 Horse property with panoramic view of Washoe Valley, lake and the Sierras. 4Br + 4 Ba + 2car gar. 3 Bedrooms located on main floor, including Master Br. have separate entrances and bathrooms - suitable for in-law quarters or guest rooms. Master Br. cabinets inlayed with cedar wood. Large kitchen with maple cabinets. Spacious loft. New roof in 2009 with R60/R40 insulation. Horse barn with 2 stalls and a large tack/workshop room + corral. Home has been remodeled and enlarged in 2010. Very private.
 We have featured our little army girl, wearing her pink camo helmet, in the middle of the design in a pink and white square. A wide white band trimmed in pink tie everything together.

========================================================================

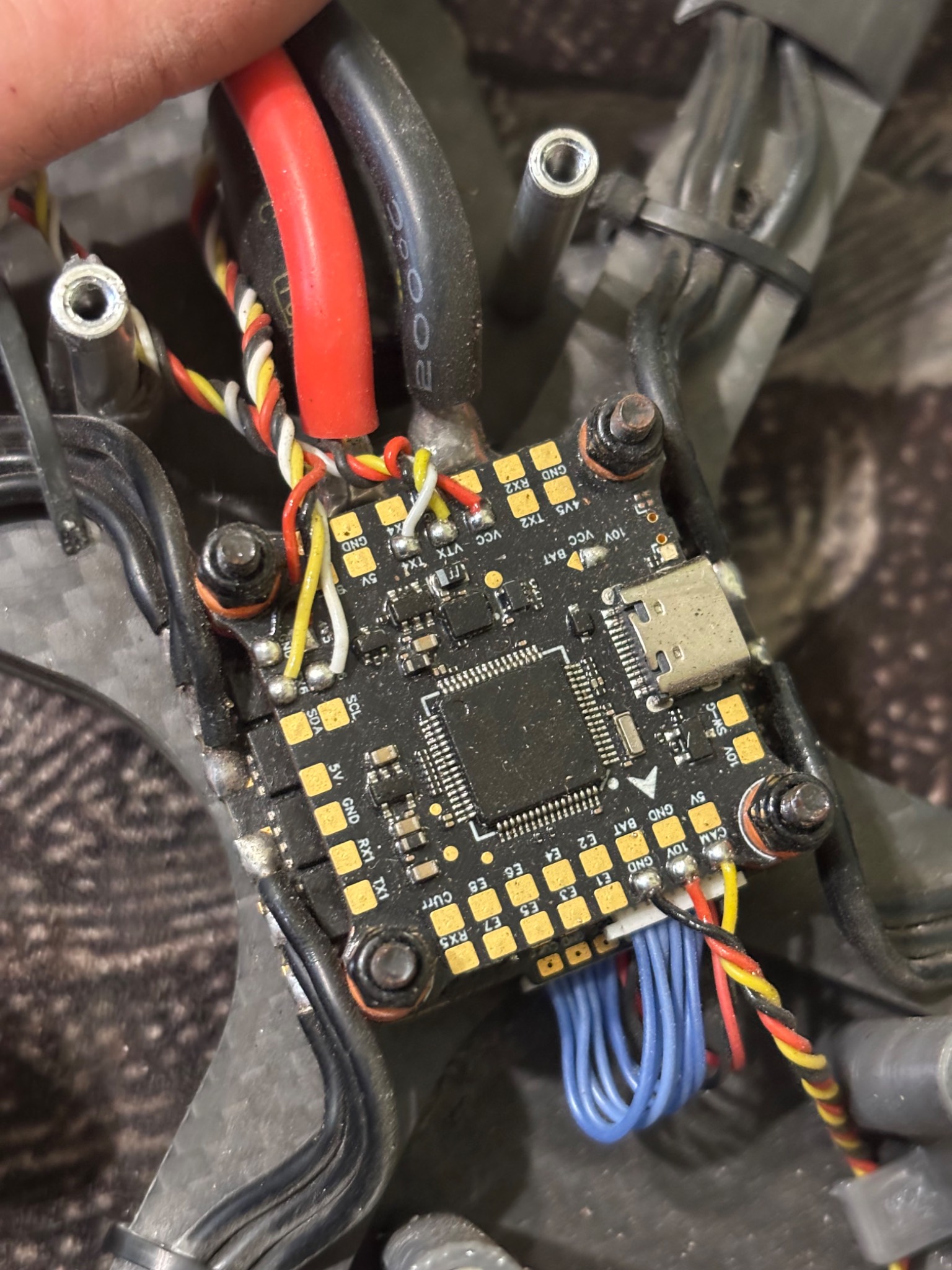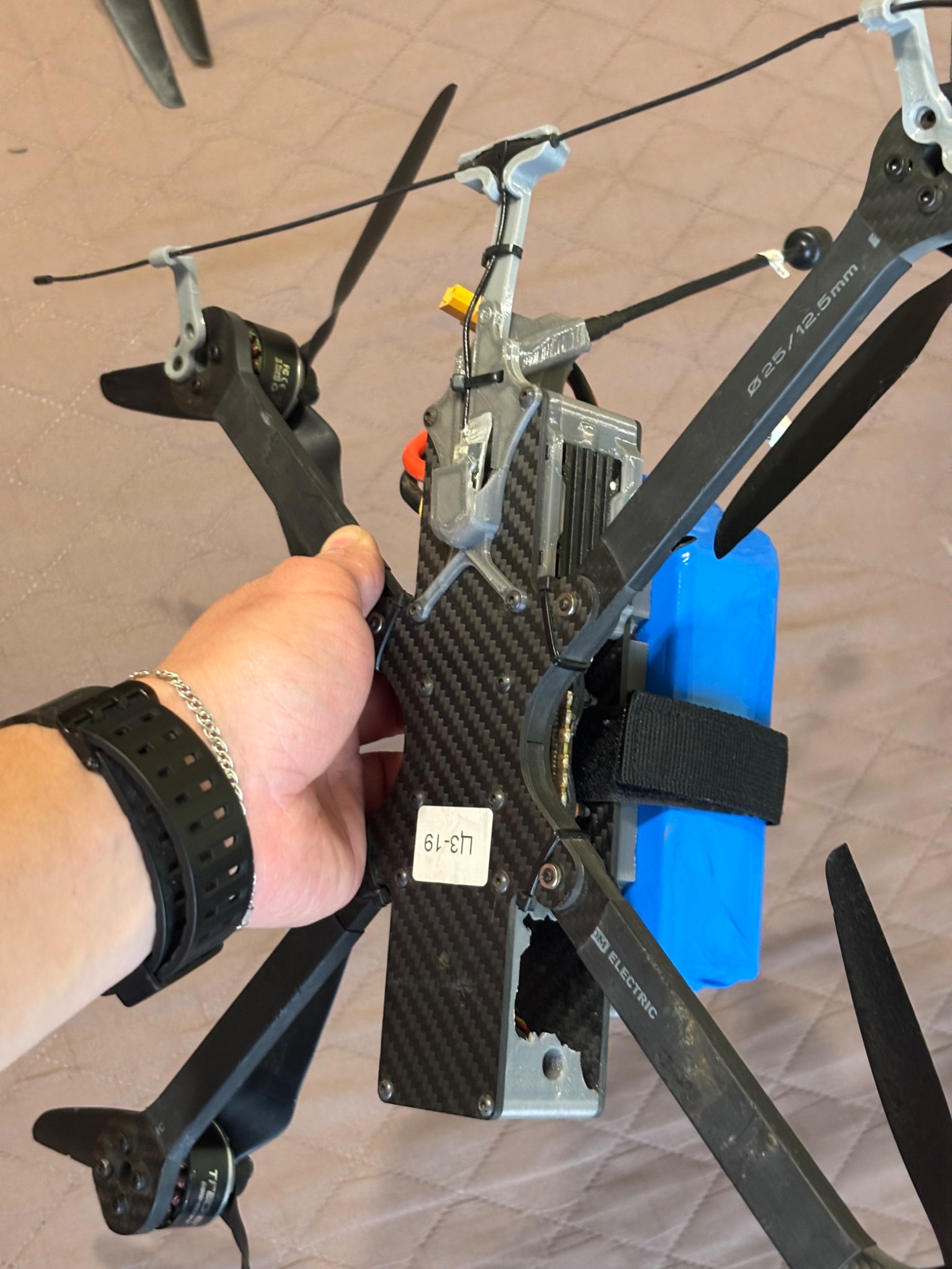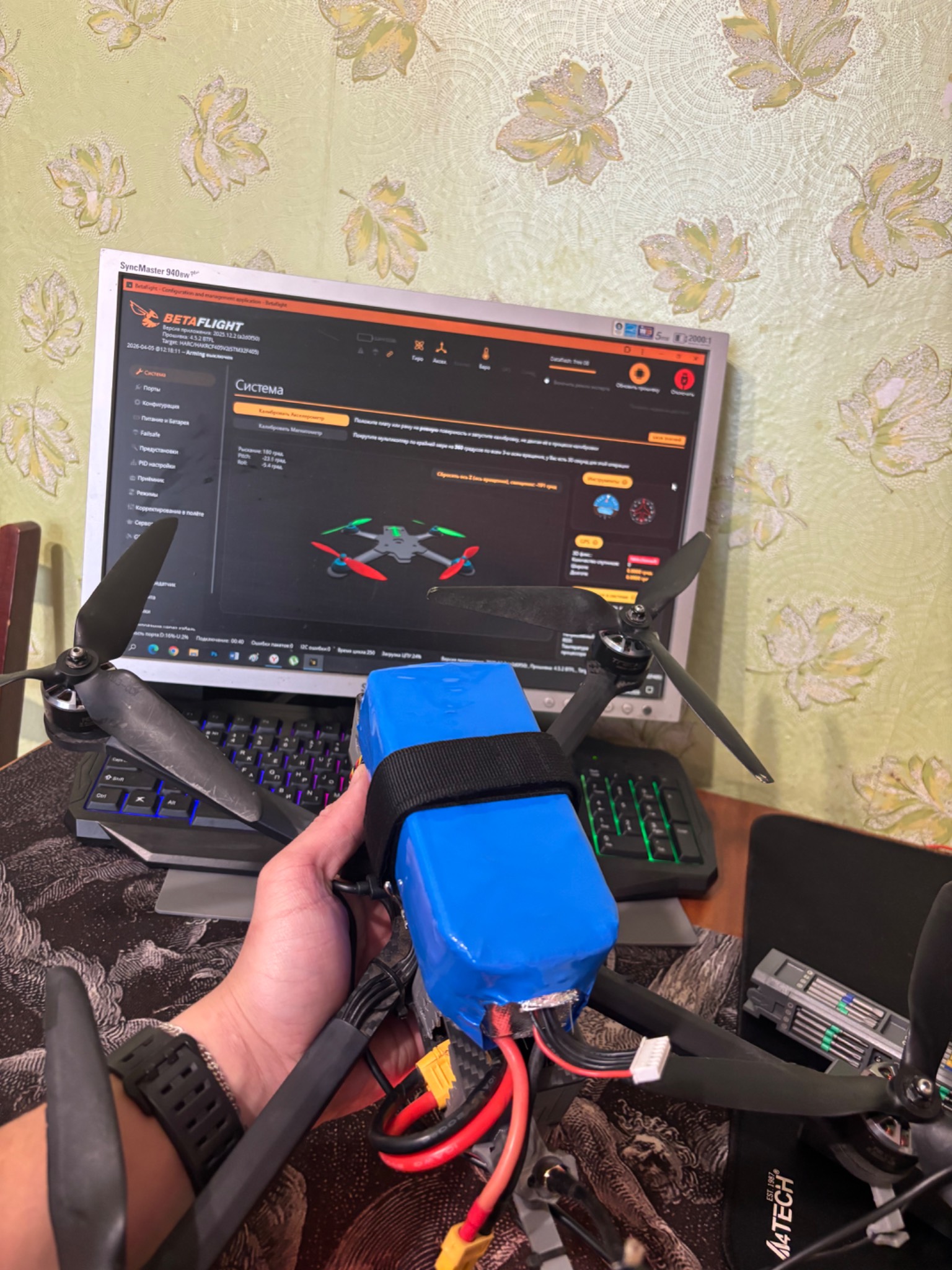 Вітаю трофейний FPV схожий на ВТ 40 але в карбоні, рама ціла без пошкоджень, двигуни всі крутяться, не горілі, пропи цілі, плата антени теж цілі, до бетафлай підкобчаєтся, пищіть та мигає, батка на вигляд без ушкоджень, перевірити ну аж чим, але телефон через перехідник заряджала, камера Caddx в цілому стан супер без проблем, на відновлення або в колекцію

========================================================================

#### Task to carry out:
Give only the lines from the one holding "Horse property with" through the one holding "We have featured", each restated exactly as it appears above.

#### Task response:
 Horse property with panoramic view of Washoe Valley, lake and the Sierras. 4Br + 4 Ba + 2car gar. 3 Bedrooms located on main floor, including Master Br. have separate entrances and bathrooms - suitable for in-law quarters or guest rooms. Master Br. cabinets inlayed with cedar wood. Large kitchen with maple cabinets. Spacious loft. New roof in 2009 with R60/R40 insulation. Horse barn with 2 stalls and a large tack/workshop room + corral. Home has been remodeled and enlarged in 2010. Very private.
 We have featured our little army girl, wearing her pink camo helmet, in the middle of the design in a pink and white square. A wide white band trimmed in pink tie everything together.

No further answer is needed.